Badagam is connected to other parts of Odisha by the State Highway No. 17 which connects Berhampur at one end and Rayagada on the other. The nearest major town Parlakhemundi is just fifteen kilometers. Palasa is just forty kilometers away and Berhampur is 120 km away. The nearest National Highway (N.H–5) junction is at around forty kilometers from Badagam. The nearest operational railway station is Parlakhemundi which is 15 km away. The narrow gauge railway line (called Naupada-Gunupur Rail line) running through this town has been converted to broad gauge, and starting 20 December 2010 a regular train started from Paralakhemundi to Puri.

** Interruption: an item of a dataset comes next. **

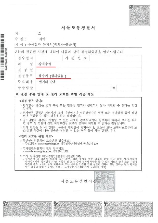 ※ 김준환 변호사와 함께 진행한 결과 서울도봉경찰서는 의뢰인님의 "강제추행"에 대하여 불송치(혐의없음) 처분을 하였습니다.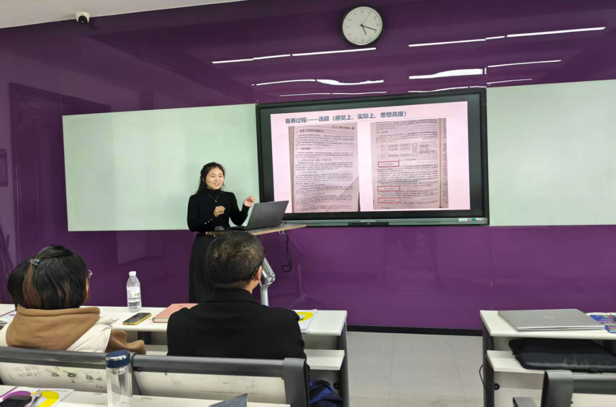 分享会最后,王老师以“演与设计”“节奏与实效”“板书与支架”为关键词,层层剖析教学展示背后的逻辑。她认为,比赛中的“表演”本质是教学艺术的凝练表达,是教学理念与课堂实践的高度统一;而板书与课件则应成为学生课后复习的“视觉支架”,帮助他们在离开课堂后仍能重构知识脉络。

The nearest Airport is the Alluri Sitarama Raju International Airport, which is at a distance of 180 km.

The O.S.R.T.C. (Odisha State Road Transport Corporation) and private buses connect the town to other parts of Odisha and nearby towns of Andhra Pradesh. The town is well connected to Bhubaneswar, Bramhapur, Rayagada, Jeypore, Gunupur, Visakhapatnam, Srikakulam, Palasa, Bhawanipatna, Nabrangpur, Cuttack, Rourkela, etc. by road.